4                        In granting habeas corpus relief, the trial court noted that the complaint alleged that Stellrecht and Spears discharged a .22 caliber firearm and a 308 rifle into the police cruiser.  Notwithstanding his threatening words to the sheriff’s dispatcher, Stellrecht contended that he did not shoot at the officers or their cruisers, but rather fired one shot into the air.  The court concluded that examination of the bullet holes was extremely important to Stellrecht’s theory of defense and that Williams was ineffective for not addressing or developing the destruction of evidence issue.[1]  The court made no specific finding of prejudice from Williams’ performance.

5                        We review the merits of Stellrecht’s claims of ineffective assistance of counsel because the State waived any procedural objection to reviewing the issue by habeas corpus by its failure to object in the trial court.  To prevail, Stellrecht must show that his counsel’s performance was deficient and prejudiced the defense.  See Strickland v. Washington, 466 U.S. 668, 686 (1984).  To establish prejudice, he must show that he would not have entered the no contest pleas but for counsel’s deficient performance.  See Hill v. Lockhart, 474 U.S. 52, 59 (1985). 

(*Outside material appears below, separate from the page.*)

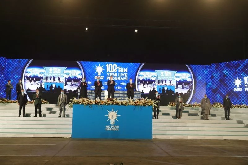 AK Parti İstanbul yeni üye katılım programında konuşan Cumhurbaşkanı Recep Tayyip Erdoğan, “Esasen bu programın 100 bin yeni üyemizin tamamının katılımıyla yapmayı istiyordum. Ancak salgın şartları sebebiyle bu şekilde sınırlı toplantıyla yapmak durumunda kaldık. Hedefimiz aslında İstanbul’un en büyük stadyumlarından birinde bu programı yapmaktı. Fakat salgın bunu ne yazık ki engelledi. Salgının engellemesi yürüyüşümüzü durdurmaz. Şu anda bu meydanda hamdolsun bu katılımla, bu coşkulu katılımla adımı attık, yolumuza devam ediyoruz. Gönüller bir olduktan sonra fiziki mesafelerin öneminin kalmadığını inanıyoruz. İstanbul teşkilatımızın 100 bin yeni üyemize büyük AK Parti ailesine hoş geldiniz diyorum. Yeni üyelerin partimize katılmasında emeği geçen tüm teşkilat mensuplarımızı tebrik ediyorum. Üye sayımız artıyor ailemiz büyüyor sloganıyla yürüttüğümüz bu çalışmanın bereketli bir şekilde neticelendiğini görüyoruz” dedi.
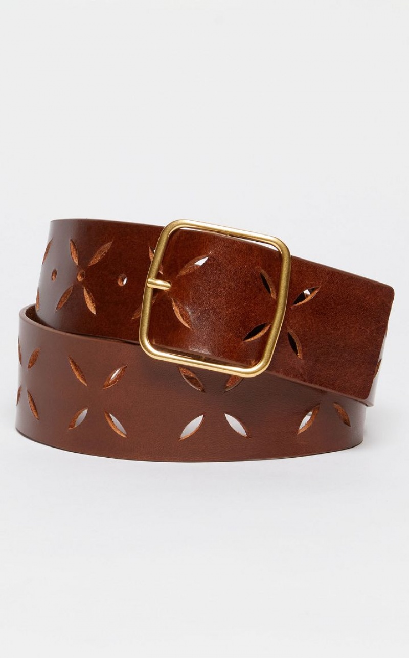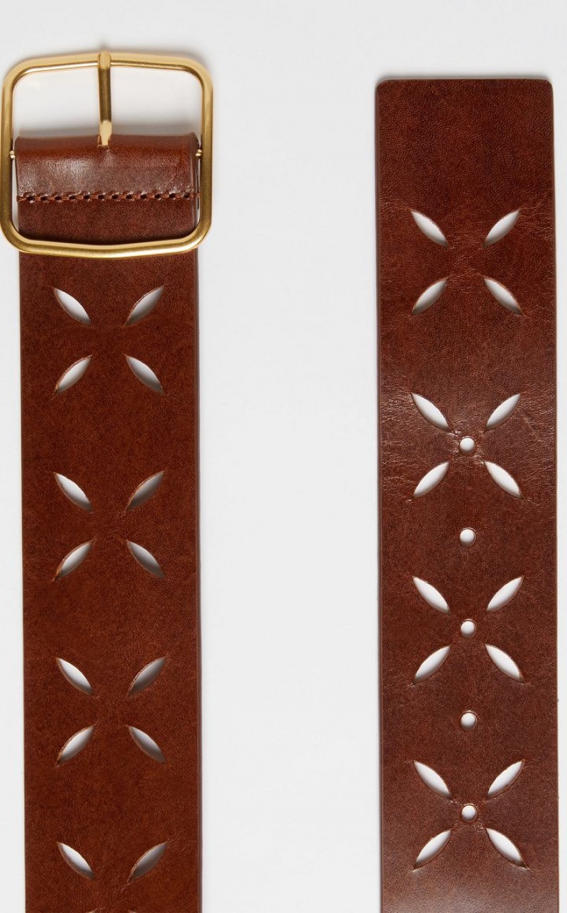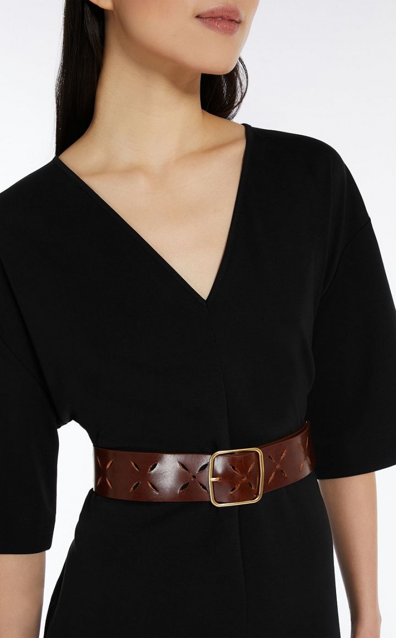 Leather belt decorated with laser cut motif down its entire length. Geometric metal tongue buckle. Width 5 cm. The accessory is delivered with fabric dust bag bearing the Weekend Max Mara logo.

6                        Stellrecht established neither deficient performance nor prejudice from Williams’ decision to pursue plea negotiations rather than the destruction of evidence issue.  Which of the perpetrators fired specific shots from the two rifles is inconsequential.  Stellrecht is a party to the crimes committed by Spears.  He threatened officers and admitted to firing at least one shot.  There is no reason to believe the bullet holes in the squad car constituted exculpatory evidence.  Counsel reasonably chose to pursue a favorable plea bargain rather than attempting to exaggerate the significance of his inability to determine the caliber of the bullet holes in the squad car.  While Williams candidly admitted that he was not aware of Mulligan’s motion, he stated that his recommendation to accept the plea agreement would have been the same had he known. 

7                        Stellrecht also presented no evidence that he would not have accepted the plea agreement if Williams had pursued the motion filed by Mulligan.  Therefore, he has not established prejudice from Williams’ performance.  See Hill, 474 U.S. at 59.  Having failed to establish ineffective assistance of counsel, Stellrecht has presented no basis for concluding that a manifest injustice compels withdrawal of his no contest pleas.  See State v. Bentley, 201 Wis. 2d 303, 311, 548 N.W.2d 50 (1996).

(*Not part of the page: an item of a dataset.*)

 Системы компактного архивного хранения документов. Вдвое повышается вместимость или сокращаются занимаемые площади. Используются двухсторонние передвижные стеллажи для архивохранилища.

            By the Court.—Order reversed.

            This opinion will not be published.  See Wis. Stat. Rule 809.23(1)(b)5 (1997-98).


 



[1]  Although not raised in Stellrecht’s petition or litigated at the postconviction hearing, the trial court also faulted Williams for his failure to pursue Stellrecht’s challenge to the voluntariness of Stellrecht’s inculpatory statements to the police in which he admitted to firing at least one shot in the direction of a squad car.  The court also thought it was significant which of the two men yelled “lock and load” and faulted Williams for failing to bring out inconsistencies between the complaint and the testimony at the preliminary hearing regarding who made that statement.  Stellrecht does not respond to the State’s persuasive argument that the record discloses no basis for suppressing his inculpatory statement.  The statement was preceded by Miranda warnings and the officer testified that Stellrecht did not appear to be intoxicated.  The State notes that Stellrecht repeatedly threatened to shoot at the squad car and police officers.  As a party to Spears’ crimes, Stellrecht is guilty of these offenses regardless of whether he yelled “lock and load.”  The State’s arguments are deemed conceded based on Stellrecht’s failure to respond.  See Charlolais Breeding Ranches, Ltd. V. FPC Securities, 90 Wis. 2d 97, 109, 279 N.W.2d 493 (Ct. App. 1979).